When the peripheral hormones are present in an adequate amount, they act upon the hypothalamus and pituitary so that these slow down the production of their hormones, and with this, the quantity of peripheral hormones decreases. This mechanism is called negative feedback, and ensures that the quantity of circulating hormone is adequate, neither excessive nor insufficient.
Types of pituitary tumour
It can be classified:
- Depending on the size. They are classified as micro-adenomas (when they measure 10 mm or less) or macro-adenomas (they measure more than 10 mm).
- Depending on their capacity to produce hormones. They can be classified into functioning and non-functioning. The non-functioning adenomas do not produce hormones and, in general, the symptoms arise from the growth of the tumour and the compression of the neighbouring structures, or to the decrease in the normal production of the pituitary hormones. The functioning adenomas produce one or several pituitary hormones, and the symptoms are associated with the excessive production of the hormone, as well as also having symptoms arising from the growth of the tumour and the compression of the neighbouring structures. The functioning adenomas can be classified depending on the hormone that they produce:
- Prolactinoma. Is the most common functioning adenoma. It is due to an increase in the secretion of prolactin. It is clinically manifested in women with a change in menstrual rhythm, galactorrhoea (spontaneous flow of milk from the breast) and a decrease in libido. In males it is associated with a decrease in sexual desire and erectile dysfunction.

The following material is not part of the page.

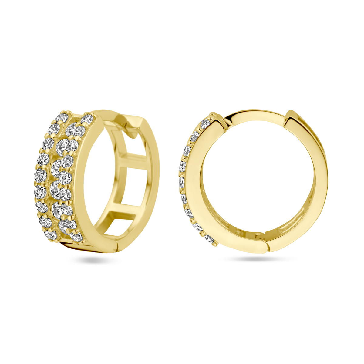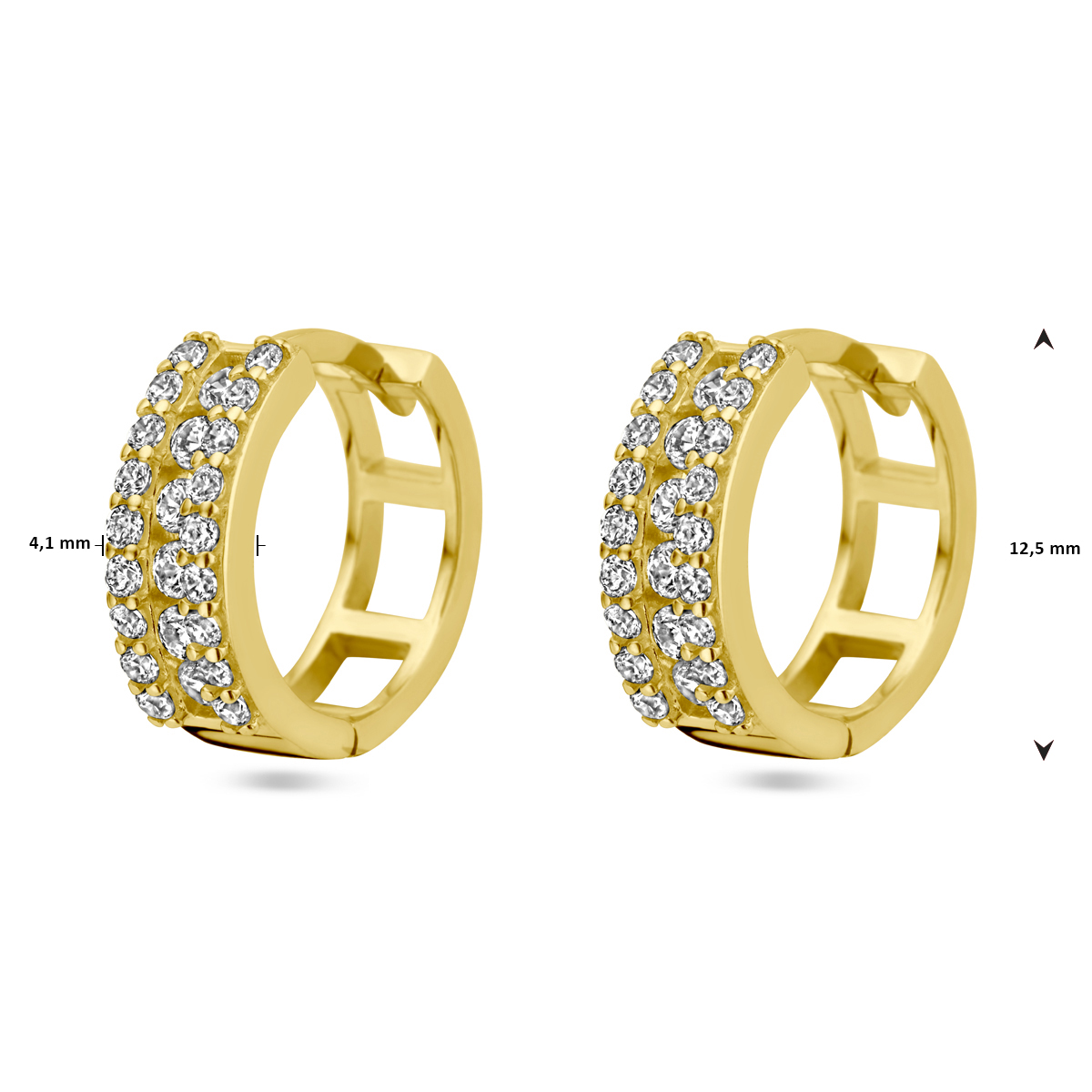 14k Geelgouden klapoorringen uitgevoerd met zirkonia. De klapoorringen hebben een afmeting van 12.5x4.1mm.

- Somatotropinoma. It is due to an excess in the production of growth hormone, and is the causing factor of acromegaly when it appears in the adult, or gigantism when it appears in infants (the growth cartilages are open). The symptoms can be progressive, which can delay the diagnosis. The most characteristic are the gradual increase in the size of the hands, feet, and the jaw, with the appearance of coarse features (need to change shoe size, the rings or hats that before fitted well do not fit anymore…), growth of lips and nose, increased sweating, tendency to snore…
- Thyrotropinoma. They are thyrotropin (TSH) producing adenomas, giving rise clinically to hyperthyroidism due to the excessive production of thyroxin. They are very uncommon.

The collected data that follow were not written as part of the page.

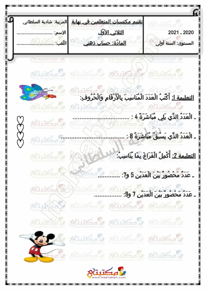 امتحان حساب ذهني السنة الأولى الثلاثي الأول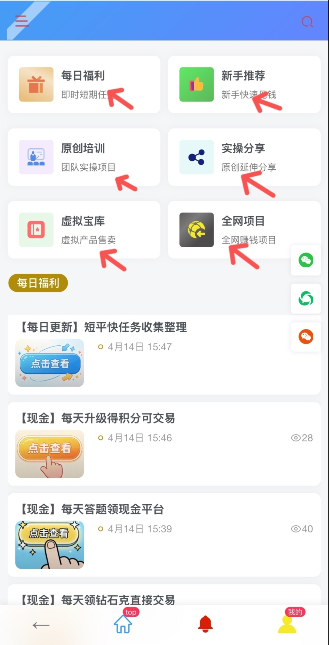 以上就是软件的大体情况,我简单概括下,每日福利、新手推荐和虚拟宝库,是可以直接变现的三大项目,原创培训和vip项目属于技能提升,适合想靠网络吃饭的人,通过网络副业改变只能拿死工资养家糊口的困境。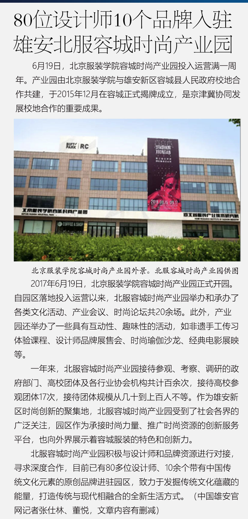 6月19日,北京服装学院容城时尚产业园投入运营满一周年。产业园由北京服装学院与雄安新区容城县人民政府校地合作共建,于2015年12月在容城正式揭牌成立。

- Corticotropinoma. Also known as Cushing’s disease, and it is due to an excess in the production of corticotropin, or adrenocorticotropic hormone (ACTH). Clinically, affected individuals tend to gain weight, with round or “moon face”, appearance of dark-red stretch marks, hypertension, diabetes, osteoporosis…

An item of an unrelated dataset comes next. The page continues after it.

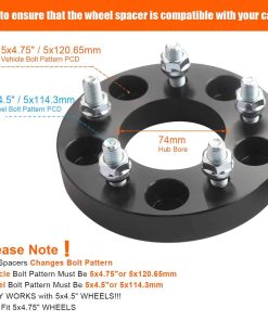 Confirme la compatibilidad con su vehículo antes de comprar. Compatible con 1979-1985 Buick Riviera 2004-2009 Cadillac XLR 1979-1985 Cadillac Eldorado 1976-1980 Cadillac Seville 1985-2013 Chevrolet Corvette 1982-2004 Chevrolet S10 1982-2002 Chevrolet Camaro 1983-1994 Chevrolet S10 Blazer 1982-1987 Chevrolet El Camino 1990-2005 GMC Jimmy 1991-2004 GMC Sonoma 1982-1990 GMC S15 1982-2000 Pontiac Firebird 1980-1984 Pontiac Phoenix 1964-1973 Pontiac GTO El vehículo DEBE tener un patrón de pernos de 5×4.75 (5×120.65mm) Las ruedas DEBEN tener un patrón de pernos de 5×4.5 (5×114.3mm) El vehículo DEBE tener pernos/tuercas de rueda de 12×1.5 ¡SOLO FUNCIONA con RUEDAS de 5x 4.5! NO FUNCIONA con RUEDAS de 5x 4.75 Beneficios – Amplíe la base de ruedas de su vehículo, aumentando la estabilidad y la resistencia a la volcadura lateral. – Proporcione un control adicional para los pilotos experimentados y brinde un margen de seguridad adicional para los pilotos más jóvenes o inexpertos. – Apariencia agresiva, con la base de pista ensanchada, su vehículo favorito obtendrá un aspecto más elegante. Características – Sometido a un proceso de anodización para prevenir la corrosión y el óxido en la superficie. color duradero y no se desvanecerá fácilmente. – Hecho de aluminio billet 6061 T6, y preinstalado con pernos de grado 10.9, lo que lo hace más fuerte y más ligero. Nota Por favor, confirme la compatibilidad con su vehículo antes de comprar. Se recomienda la instalación profesional. Evite el uso de una llave de impacto Si el perno de la rueda sobrepasa la superficie de los separadores de 25 mm. Puede recortar la tuerca o reemplazarla con una tuerca más corta Si tiene alguna pregunta sobre los adaptadores de rueda, por favor contáctenos y le daremos una solución.

- According to the level of invasion of neighbouring structures. As regards the level of invasion of the cavernous sinus, the tumours are classified into four Knosp grades, with 0 being the grade in which there is no invasion of the cavernous sinus, and grade 4 in which the tumour completely surrounds the carotid.
How many people are affected by a pituitary tumour?
Causes of Pituitary Tumours
They are sporadic in 95% of cases and the cause is unknown. The remaining 5% have a genetic cause, and are produced due to complex familial syndromes, such as multiple endocrine neoplasia types 1 and 4, Carney complex, or familial isolated pituitary adenomas (FIPA).